Saved entries
BEGIN

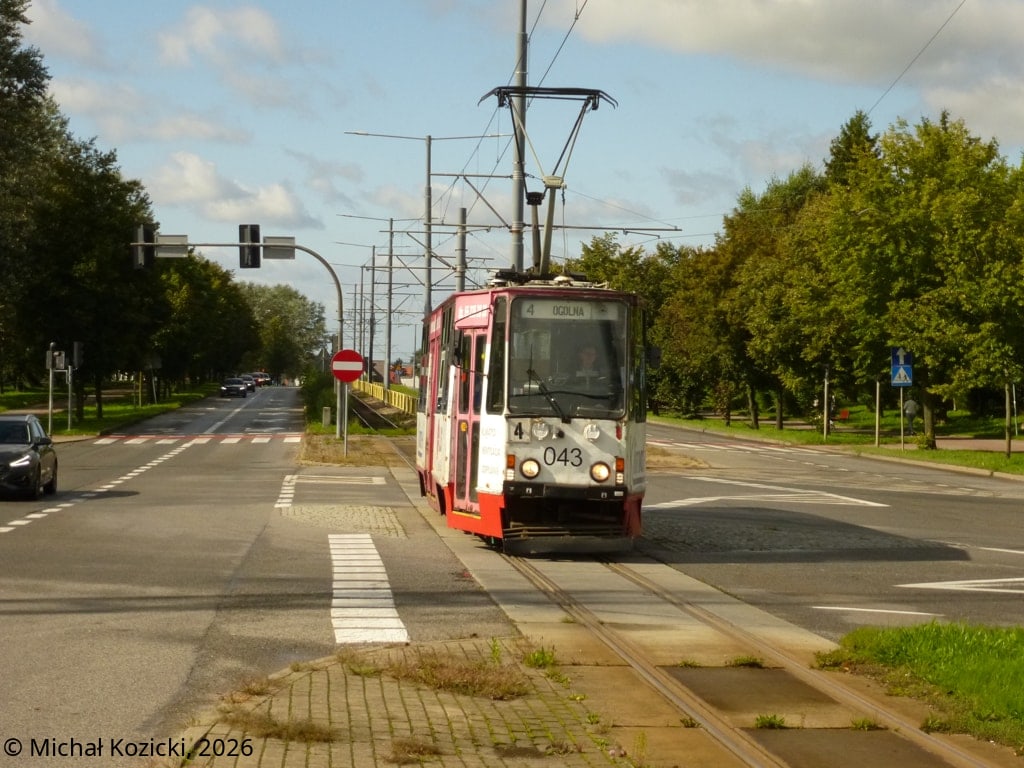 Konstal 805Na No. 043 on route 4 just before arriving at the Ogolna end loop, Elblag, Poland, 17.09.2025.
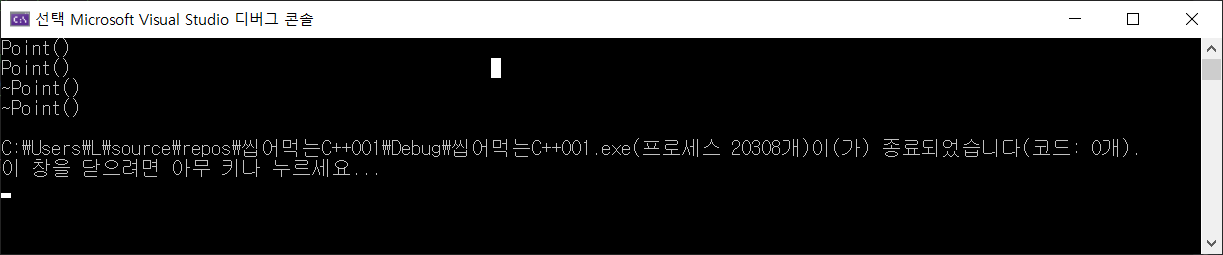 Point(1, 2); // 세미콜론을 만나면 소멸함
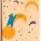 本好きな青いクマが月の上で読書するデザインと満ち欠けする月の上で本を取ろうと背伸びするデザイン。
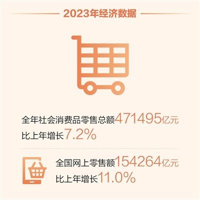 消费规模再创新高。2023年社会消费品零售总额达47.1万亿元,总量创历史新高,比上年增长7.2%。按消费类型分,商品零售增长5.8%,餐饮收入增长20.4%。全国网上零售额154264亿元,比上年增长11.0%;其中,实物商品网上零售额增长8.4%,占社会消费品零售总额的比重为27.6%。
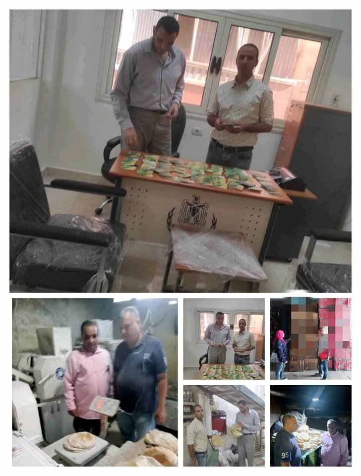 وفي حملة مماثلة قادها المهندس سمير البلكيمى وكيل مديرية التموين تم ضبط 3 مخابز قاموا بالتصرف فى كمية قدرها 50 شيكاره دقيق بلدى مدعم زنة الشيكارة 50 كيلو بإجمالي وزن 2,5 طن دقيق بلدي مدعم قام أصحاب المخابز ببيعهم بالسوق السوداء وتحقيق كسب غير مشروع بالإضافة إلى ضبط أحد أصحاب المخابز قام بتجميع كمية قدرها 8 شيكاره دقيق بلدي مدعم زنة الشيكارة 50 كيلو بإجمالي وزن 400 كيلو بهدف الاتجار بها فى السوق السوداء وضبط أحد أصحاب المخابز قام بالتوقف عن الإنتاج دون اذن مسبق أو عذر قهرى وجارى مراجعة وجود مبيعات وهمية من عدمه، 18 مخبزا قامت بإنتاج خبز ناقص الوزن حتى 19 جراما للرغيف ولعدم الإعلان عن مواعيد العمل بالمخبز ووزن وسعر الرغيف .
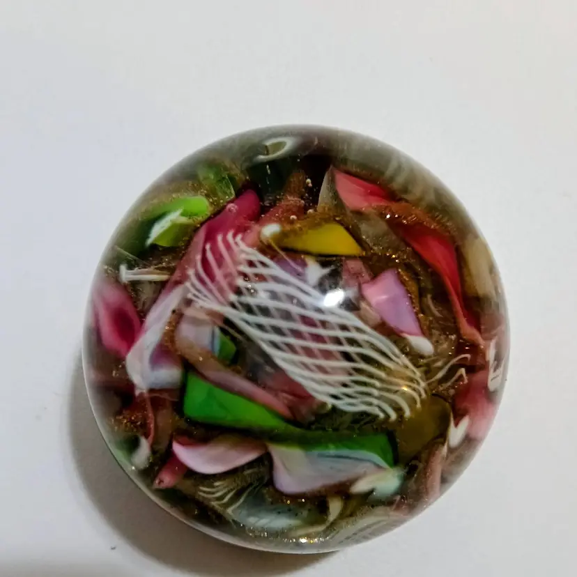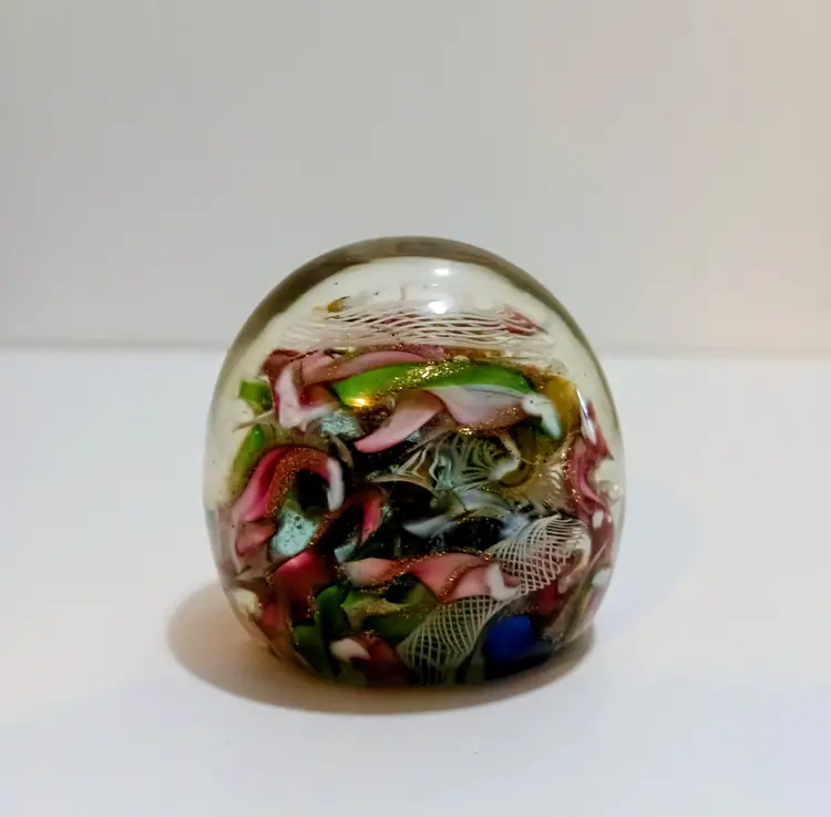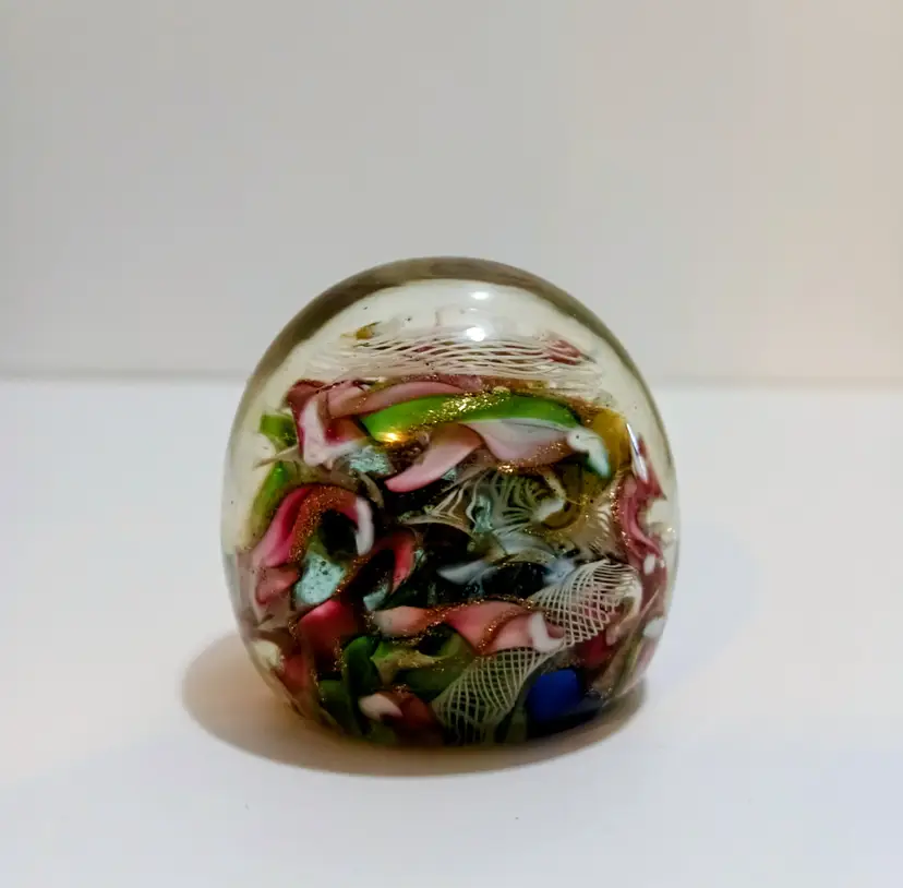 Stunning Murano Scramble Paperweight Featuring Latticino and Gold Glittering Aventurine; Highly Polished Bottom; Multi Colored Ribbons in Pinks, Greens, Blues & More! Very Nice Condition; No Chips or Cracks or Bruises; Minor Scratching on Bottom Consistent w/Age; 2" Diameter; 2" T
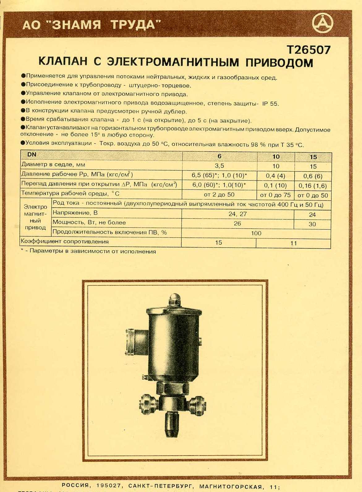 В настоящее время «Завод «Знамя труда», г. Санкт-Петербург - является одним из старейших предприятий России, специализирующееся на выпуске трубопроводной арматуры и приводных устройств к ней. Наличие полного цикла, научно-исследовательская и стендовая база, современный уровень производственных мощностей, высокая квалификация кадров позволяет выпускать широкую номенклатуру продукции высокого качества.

END
BEGIN

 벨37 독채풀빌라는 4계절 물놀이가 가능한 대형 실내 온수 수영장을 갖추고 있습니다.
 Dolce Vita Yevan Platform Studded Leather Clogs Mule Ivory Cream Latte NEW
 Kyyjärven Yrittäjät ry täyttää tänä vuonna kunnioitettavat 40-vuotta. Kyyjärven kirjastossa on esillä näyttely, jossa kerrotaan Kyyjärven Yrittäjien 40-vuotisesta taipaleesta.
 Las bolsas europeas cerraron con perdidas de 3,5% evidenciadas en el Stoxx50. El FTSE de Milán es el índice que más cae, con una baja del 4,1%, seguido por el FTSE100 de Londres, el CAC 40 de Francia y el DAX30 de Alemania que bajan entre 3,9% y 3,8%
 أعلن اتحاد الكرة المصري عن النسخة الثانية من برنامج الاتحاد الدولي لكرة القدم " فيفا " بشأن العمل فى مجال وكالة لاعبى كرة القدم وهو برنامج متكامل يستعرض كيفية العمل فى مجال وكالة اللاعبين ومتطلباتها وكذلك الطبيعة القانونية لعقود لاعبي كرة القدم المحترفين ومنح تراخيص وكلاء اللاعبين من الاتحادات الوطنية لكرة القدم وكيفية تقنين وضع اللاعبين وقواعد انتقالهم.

END

### WORK INSTRUCTION
Starting with the line that holds "Dolce Vita Yevan" and ending with the line that holds "Las bolsas europeas", retype every line in the data above exactly, and nothing else.

### RESULT OF THE TASK
 Dolce Vita Yevan Platform Studded Leather Clogs Mule Ivory Cream Latte NEW
 Kyyjärven Yrittäjät ry täyttää tänä vuonna kunnioitettavat 40-vuotta. Kyyjärven kirjastossa on esillä näyttely, jossa kerrotaan Kyyjärven Yrittäjien 40-vuotisesta taipaleesta.
 Las bolsas europeas cerraron con perdidas de 3,5% evidenciadas en el Stoxx50. El FTSE de Milán es el índice que más cae, con una baja del 4,1%, seguido por el FTSE100 de Londres, el CAC 40 de Francia y el DAX30 de Alemania que bajan entre 3,9% y 3,8%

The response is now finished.